Task inputs section start

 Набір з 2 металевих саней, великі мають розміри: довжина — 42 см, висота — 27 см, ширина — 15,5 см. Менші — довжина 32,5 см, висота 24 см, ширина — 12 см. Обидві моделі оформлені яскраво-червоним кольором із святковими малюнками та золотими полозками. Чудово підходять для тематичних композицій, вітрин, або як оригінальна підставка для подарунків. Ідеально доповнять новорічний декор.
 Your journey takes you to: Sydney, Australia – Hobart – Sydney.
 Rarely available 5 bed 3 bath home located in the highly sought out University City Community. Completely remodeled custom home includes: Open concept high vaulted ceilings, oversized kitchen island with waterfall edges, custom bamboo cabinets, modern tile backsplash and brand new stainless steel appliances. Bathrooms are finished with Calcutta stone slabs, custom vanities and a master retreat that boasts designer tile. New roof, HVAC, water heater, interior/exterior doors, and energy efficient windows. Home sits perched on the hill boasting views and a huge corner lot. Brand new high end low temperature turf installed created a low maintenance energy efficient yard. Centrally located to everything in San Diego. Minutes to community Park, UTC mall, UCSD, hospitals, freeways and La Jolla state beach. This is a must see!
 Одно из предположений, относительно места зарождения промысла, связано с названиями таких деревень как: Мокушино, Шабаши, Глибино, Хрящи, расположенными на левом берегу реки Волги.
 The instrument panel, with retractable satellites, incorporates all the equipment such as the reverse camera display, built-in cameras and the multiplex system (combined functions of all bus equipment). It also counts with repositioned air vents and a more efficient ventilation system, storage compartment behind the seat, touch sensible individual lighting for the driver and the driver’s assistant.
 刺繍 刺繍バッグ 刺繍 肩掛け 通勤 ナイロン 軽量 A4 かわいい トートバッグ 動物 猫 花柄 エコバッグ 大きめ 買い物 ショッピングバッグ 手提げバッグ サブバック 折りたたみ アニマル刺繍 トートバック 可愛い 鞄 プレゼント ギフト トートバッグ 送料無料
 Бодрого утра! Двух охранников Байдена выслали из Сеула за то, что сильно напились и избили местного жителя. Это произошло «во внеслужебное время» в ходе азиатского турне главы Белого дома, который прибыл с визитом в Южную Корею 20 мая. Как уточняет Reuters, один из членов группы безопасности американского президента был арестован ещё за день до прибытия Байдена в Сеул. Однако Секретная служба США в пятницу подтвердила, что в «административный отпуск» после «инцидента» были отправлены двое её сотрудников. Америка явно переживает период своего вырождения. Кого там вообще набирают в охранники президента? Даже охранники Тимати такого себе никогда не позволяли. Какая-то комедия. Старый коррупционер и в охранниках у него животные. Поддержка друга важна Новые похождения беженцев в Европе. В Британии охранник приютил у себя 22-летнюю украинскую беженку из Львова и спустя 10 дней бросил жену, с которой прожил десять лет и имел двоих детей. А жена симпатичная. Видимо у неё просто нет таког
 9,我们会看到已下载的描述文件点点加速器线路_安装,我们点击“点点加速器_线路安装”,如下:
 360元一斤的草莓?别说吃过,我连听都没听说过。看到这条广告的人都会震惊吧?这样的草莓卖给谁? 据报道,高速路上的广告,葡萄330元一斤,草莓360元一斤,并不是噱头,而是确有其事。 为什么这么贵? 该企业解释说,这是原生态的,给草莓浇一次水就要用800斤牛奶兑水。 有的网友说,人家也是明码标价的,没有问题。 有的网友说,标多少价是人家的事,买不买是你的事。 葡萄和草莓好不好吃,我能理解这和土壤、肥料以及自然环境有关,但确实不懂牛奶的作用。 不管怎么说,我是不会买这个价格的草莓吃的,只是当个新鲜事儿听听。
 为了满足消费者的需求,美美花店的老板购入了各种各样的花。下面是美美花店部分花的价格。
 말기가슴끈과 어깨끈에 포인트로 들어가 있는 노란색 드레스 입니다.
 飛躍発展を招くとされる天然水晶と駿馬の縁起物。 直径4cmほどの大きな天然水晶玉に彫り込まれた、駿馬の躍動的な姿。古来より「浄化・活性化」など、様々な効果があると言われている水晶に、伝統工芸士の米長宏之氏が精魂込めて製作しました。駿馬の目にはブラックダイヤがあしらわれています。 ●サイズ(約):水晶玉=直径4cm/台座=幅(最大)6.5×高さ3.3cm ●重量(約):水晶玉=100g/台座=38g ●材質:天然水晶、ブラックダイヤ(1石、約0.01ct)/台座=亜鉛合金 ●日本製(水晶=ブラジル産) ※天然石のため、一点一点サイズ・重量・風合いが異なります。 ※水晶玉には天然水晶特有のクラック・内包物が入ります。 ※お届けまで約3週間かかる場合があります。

Task inputs section end

> _What you should do_: Lines of the listing above that hold the string "efficient" should each be copied.

> _Solved problem_:
 Rarely available 5 bed 3 bath home located in the highly sought out University City Community. Completely remodeled custom home includes: Open concept high vaulted ceilings, oversized kitchen island with waterfall edges, custom bamboo cabinets, modern tile backsplash and brand new stainless steel appliances. Bathrooms are finished with Calcutta stone slabs, custom vanities and a master retreat that boasts designer tile. New roof, HVAC, water heater, interior/exterior doors, and energy efficient windows. Home sits perched on the hill boasting views and a huge corner lot. Brand new high end low temperature turf installed created a low maintenance energy efficient yard. Centrally located to everything in San Diego. Minutes to community Park, UTC mall, UCSD, hospitals, freeways and La Jolla state beach. This is a must see!
 The instrument panel, with retractable satellites, incorporates all the equipment such as the reverse camera display, built-in cameras and the multiplex system (combined functions of all bus equipment). It also counts with repositioned air vents and a more efficient ventilation system, storage compartment behind the seat, touch sensible individual lighting for the driver and the driver’s assistant.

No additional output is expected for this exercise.